──────── Provided records

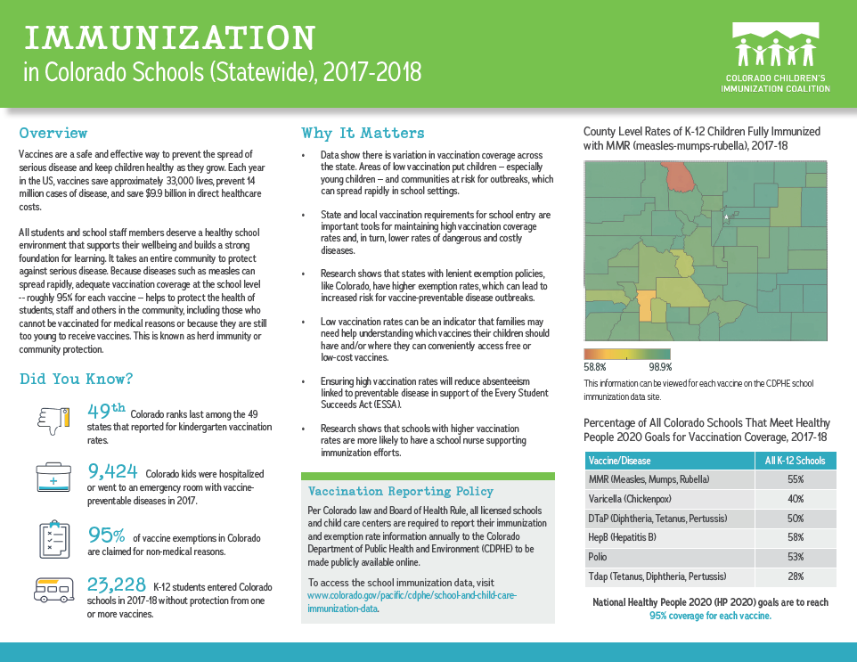 To access the 2018-2019 school and child care immunization data, visit the CDPHE website.
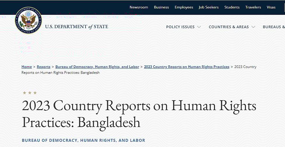 বাংলাদেশে মানবাধিকার পরিস্থিতির উল্লেখযোগ্য কোনো পরিবর্তন হয়নি। ২০২৩ সালের পরিস্থিতি নিয়ে গতকাল সোমবার যুক্তরাষ্ট্রের পররাষ্ট্র দপ্তরের প্রকাশিত এ-সংক্রান্ত বার্ষিক প্রতিবেদনে এমন তথ্যই উল্লেখ করা হয়েছে।
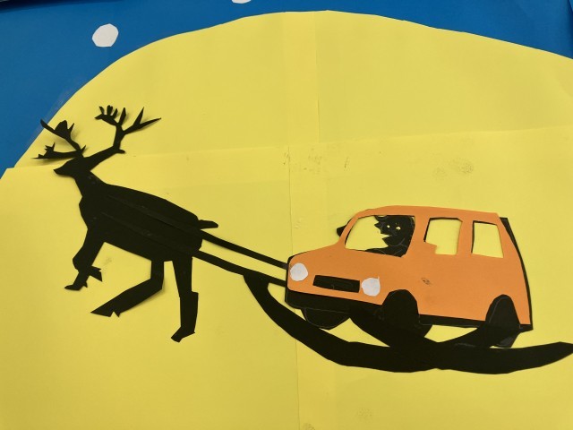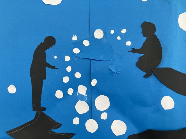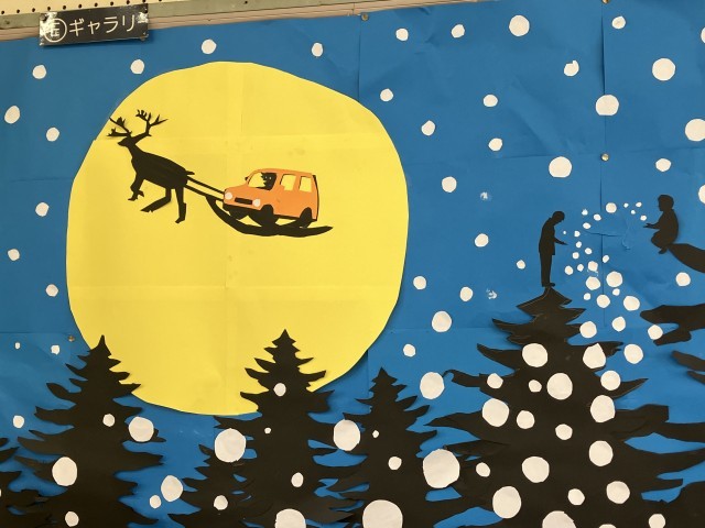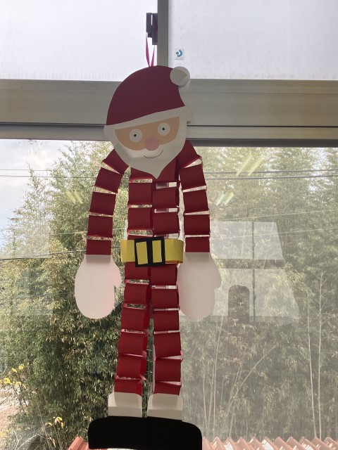 赤色画用紙で輪っかを作り、それをつなげてできたサンタさん🎄教室でみんなのことを優しい表情で見守ってくれています。
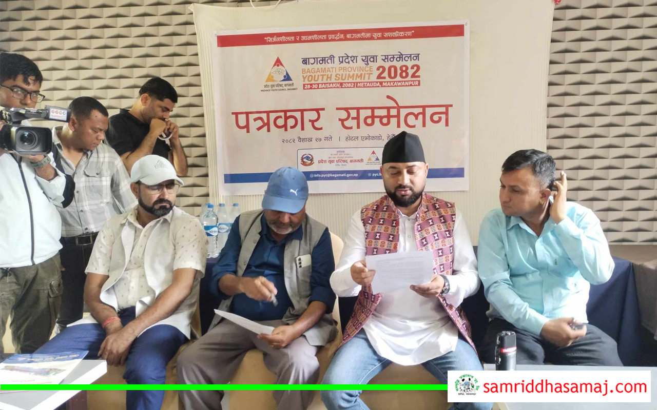 हेटौँडा : बागमती प्रदेश युवा परिषद्को आयोजनामा आइतबारबाट प्रदेश युवा सम्मेलन आयोजना हुने भएको छ । तेस्रो संस्करणको सम्मेलनमा ३ सय भन्दा बढी युवाको सहभागिता रहने बताइएको छ । शनिबार बिहान पत्रकार सम्मेलन गरेर प्रदेश युवा परिषद्का कार्यकारी उपाध्यक्ष सन्तोष चौलागाईले युवालाई नवप्रवर्तन र उद्यमशीलताको क्षेत्रमा प्रोत्साहित गर्ने उद्देश्य रहेको जानकारी गराउनुभयो ।
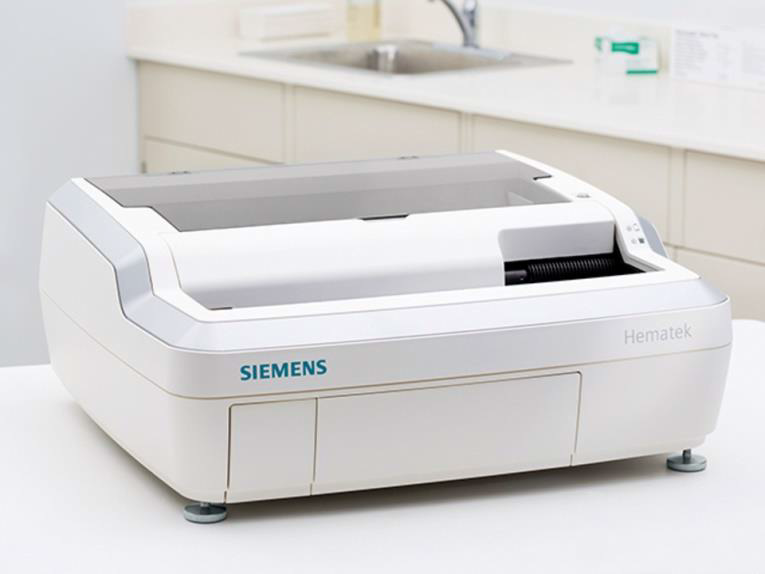 Complementing the Siemens family of hematology analyzers, the Hematek provides semiautomated slide staining for laboratories that need a robust system capable of staining up to 60 slides per hour. Built on a heritage of slide staining spanning more than half a century, the system helps maximize productivity and deliver quality results through user-defined features and precision controls.
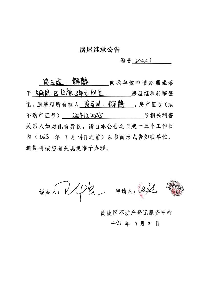 談玉蓮、解靜房屋繼承公告,編號:20250211

────────────────

*What is expected*
In the listing above, find the line holding "বাংলাদেশে মানবাধিকার পরিস্থিতির" and the line holding "赤色画用紙で輪っかを作り、そ". Reproduce those two lines and all between them exactly, leaving out pictures.

*Result of this task*
 বাংলাদেশে মানবাধিকার পরিস্থিতির উল্লেখযোগ্য কোনো পরিবর্তন হয়নি। ২০২৩ সালের পরিস্থিতি নিয়ে গতকাল সোমবার যুক্তরাষ্ট্রের পররাষ্ট্র দপ্তরের প্রকাশিত এ-সংক্রান্ত বার্ষিক প্রতিবেদনে এমন তথ্যই উল্লেখ করা হয়েছে।
 赤色画用紙で輪っかを作り、それをつなげてできたサンタさん🎄教室でみんなのことを優しい表情で見守ってくれています。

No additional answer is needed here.